Civil Law and Common Law have the same principle of Proportionality of Punishment, Sanctions

(fines, imprisonment or death penalty) must be deserved and fair. The penalty used depends on the

severity of the committed act. Civil Law countries Constitutions protect people of disproportionate or

excessive punishments.

Criminal Law establish the term of the imprisonment or the amount of penalty that may be applied.

MITIGATING AND AGRAVATING CIRCUMSTANCES

The punishment is limited to the circumstances in which is committed, Civil Law judges are obligated

to consider the aggravating and mitigating circumstances in order to punish the defendant. The severity

of the punishment is in relation with the aggravating or mitigating circumstances,that are almost the

same in Common Law and Civil Law systems.
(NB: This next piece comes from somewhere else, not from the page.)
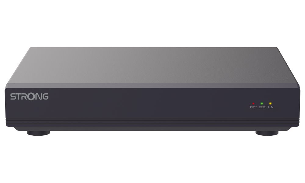 Záznamové zařízení pro 4 IP kamery s podporou PoE napájení. Povoleny kombinace různých rozlišení do 8 Mpx a datový tok do 512 Mb/s. Zařízení podporuje také dekódování H.265+, díky kterému můžete ušetřit až 75 % datového objemu. K dispozici je jedna pozice pro SATA pevný disk s kapacitou až 8 TB. Aplikace Vision by STRONG umožňuje snadnou správu sítě.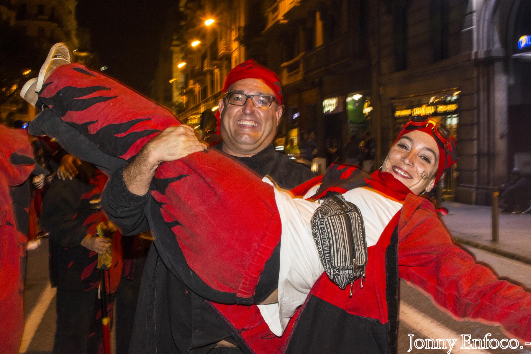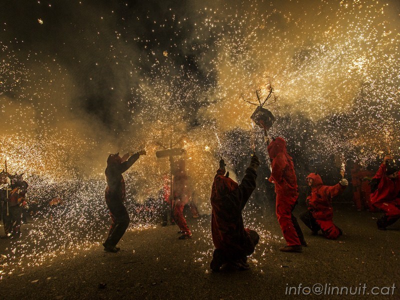 Com sempre, la Via Laietana amb Plaça Antoni Maura, on estava instal·lada la Porta de l’Infern, estava plena a vessar de gentada. A més a més de la Ceptrotada, l’encesa de la porta i l’espectacle amb motiu dels 40 anys dels Diables del Clot, el correfoc va sortir rodó. La cirereta final va ser una altre novetat: l’encesa final de les colles, tots junts, a l’últim tram del recorregut. Una experiència genial que esperem que continuï any rere any.

CLEMENCY ON DEATH PUNISHMENT

In Civil Law systems those who have been sentenced to death penalty have the right to request the

pardon of the president. No one can be executed if the pardon has not been denied.

DIFFERENCES

DEATH PENALTY IN CRIMES DIFFERENT THAN MURDER

Some crimes different than murder can be punished with death penalty in Civil Law system countries,

for example in Guatemala crimes like kidnapping, rape of a juvenile, forced disappearance are

punished with death penalty.

PEOPLE WHO CAN NOT BE SENTECED TO DEATH PENALTY

In Civil Law system countries, the capital punishment cannot be applied to certain people like: woman,

elderly, for political reason. In the United States woman can be sentenced to death penalty.

ABOLISIONIST TREND

Almost every Civil Law System countries have struck down death penalty.